Re registering for tax - the reason people are mentioning this is simply because under French law, every resident must declare income to the fisc annually, regardless of whether or not that results in you paying any tax. It’s a legal obligation, everybody has to do it. Droits et devoirs and all that.
Re disguised employment, the main criterion is the level of supervision. If you’re given a result to deliver and it’s up to you how you achieve the deliverables - the methods and materials you use, the timescale - that is normally s/e. If you are told what, when and how to do the work, ie carrying out an employer’s instructions, that is employment. There are other criteria but mainly they stem from the supervision one - can you subcontract all or part of the work; can you turn a job down; if you make a cockup, do you absorb the loss or are your earnings unaffected and you employer bears the loss; is your business financially dependent on the employer/client ie if they went into liquidation tomorrow, would you still be in business; do you market your business, do you bid for work, do you set your fees and issue invoices or does your employer offer you a salary and give you payslips, are you in charge of the strategic direction, can you decide to change the focus of your activities, etc etc etc. Essentially France doesn’t have a “freelance” category, a self employed person is simply a person running a business that employs only him (or her), and it’s fairly obvious, really, whether a person is running a business and all the cr4p that comes with it - keeping accounts, budgeting, maybe investing, thinking of ways to become more profitable - or whether they’re working for their employer’s business and letting him worry about all that.
But the main one is the relationship between worker and client/employer - level of supervision versus degree of independence, and from what you’ve said, I would say you could be unquestionably self employed… Some people will tell you you can’t be self employed if you have only one client but that’s an urban myth - it would be unusual but possible, just as having two or more ‘clients’ doesn’t automatically make you s/e - all of some of them might be classed as part time employers.

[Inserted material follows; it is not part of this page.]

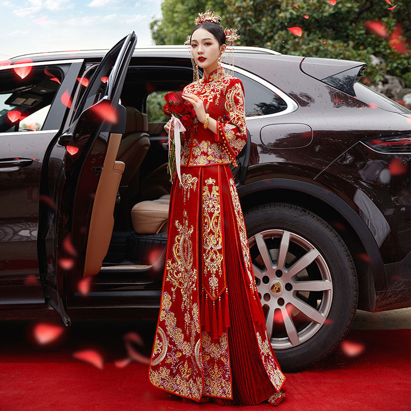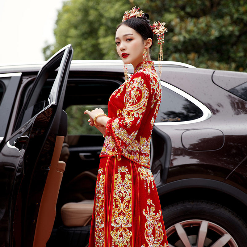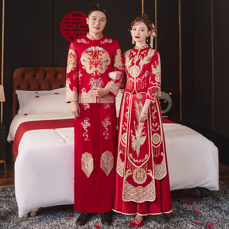 Show He Dress 2022 Bride New Couple Set Wedding Women's Chinese Dress Out Pavilion Dress Wedding Dress 2021 Show Kimono

I think the confusion was that in your first post it sounded as if your employers were going to put you on the payroll:
It would be better if you invoiced them per job. A monthly fee is in effect a salary, and that’s what it will look like to your bank, because no genuine business achieve exactly the same turnover same month after month after month. Why not simply agree a fee per project, and if they’re long projects invoice in several stages if you want? After all part of running a business in France is knowing how to set your fees and charge for your services.